While we definitively demonstrated a G2/M transition block but not significant accumulation of cells within other cell cycle phases following exposure to granzyme B or TNFα, this does not rule out the possibility that granzyme B or TNFα alter other cell cycle regulatory elements. Mechanistically, WEE1 kinase inhibition alone had little measurable effects in MOC1 cells. Only after cellular insult with granzyme B or TNFα did WEE1 kinase inhibition induce M-phase DNA damage and DNA fractionation. Others have observed S-phase DNA damage indicative of replication stress when WEE1 kinase was inhibited in combination with multiple targeted therapies,Citation21,Citation22 but this was not observed when WEE1 kinase was inhibited in the presence of granzyme B. This differential accumulation of DNA damage within different phases of the cell cycle in the presence of different cellular insults suggests that WEE1 kinase inhibition may promote either replication stress and or mitotic catastrophe in a context dependent fashion.
In our experiments, WEE1 kinase inhibition was achieved with AZD1775, an orally bioavailable and specific small molecule inhibitor of WEE1 kinase that has demonstrated an acceptable safety profile in phase I studiesCitation39,Citation40 and objective responses when combined with cytotoxic chemotherapy.Citation41 Most work has focused on using AZD1775 to sensitize cells to cytotoxic chemotherapy, particularly in cells with altered TP53 function.Citation13,Citation25 Here, rather than using chemotherapy as the cytotoxic insult, we used CTL products which, when delivered in an antigen-specific fashion, provide a degree of tumor specificity not achieved with systemic chemotherapy.
Our work demonstrating details of enhanced TNFα-dependent “bystander” killing of antigen-negative cells by antigen-specific CTL following WEE1 kinase inhibition is important for several reasons.

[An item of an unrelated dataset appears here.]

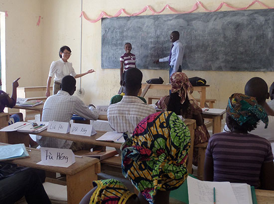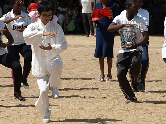 在开学典礼上,马鲁阿大学高师学院汉语专业学生特意准备了中文歌曲和太极表演。在中国老师们的指导下,汉语专业的学生门编排了中文版的喀麦隆国歌,并首次在马鲁阿大学的开学典礼上唱响,中喀国歌唱毕,太极表演便闪亮登场。伴随着悠扬舒缓的音乐声,汉语专业师生们行云流水、柔中带刚的太极表演让现场嘉宾及师生们惊羡不已。

First, it demonstrates that activation of the G2/M cell cycle checkpoint occurs after exposure to TNFα similar to granzyme B, but at a later time point, mimicking kinetics of early and late mechanisms used by CTL to kill target cells. Old et al. first demonstrated TNFα-induced G2 arrest,Citation42 and others have documented enhanced sensitivity of cells in log phase growth to TNFα-induced apoptosis compared to quiescent cells.Citation43 AZD1775-induced sensitization of antigen-negative cells to TNFα suggests that both antigen-positive and negative cells could be made susceptible to CTL-derived cytotoxic insults. Our demonstration that transmembrane but not soluble TNFα is required for antigen-negative killing by CTL in the presence of AZD1775 is consistent with evidence from others indicating that bystander killing of antigen-negative cells requires direct CTL:target cell contact.Citation44,Citation45 Our results establishing that MHC class I expression on antigen negative cells is not required for bystander CTL killing not only rules out the possibility that antigen (SIINFEKL) released from dying antigen positive cells was processed and presented, it also indicates that syngeneic MHC class I expression is not required for bystander CTL killing, as observed in other studies.Citation46 While our data clearly demonstrates G2/M accumulation following treatment of cells with soluble rmTNFα, signaling through target cell TNFR1 has been shown to induce adhesion molecules that allow CTL:target cell contact,Citation47 bringing up the possibility that loss of TNFR1 in antigen negative cells lead to decreased CTL:target cell contact and subsequent loss of sensitivity to bystander CTL killing in the presence of AZD1775 by multiple mechanisms. Our results indicated only partial reversal of bystander antigen-negative cell killing with FasL blockade, but Kojima et al. demonstrated Fas:FasL-dependent CTL killing of bystander cells,Citation48 suggesting that there may be cooperative induction of apoptosis amongst TNFRs or that model-to-model variability may exist.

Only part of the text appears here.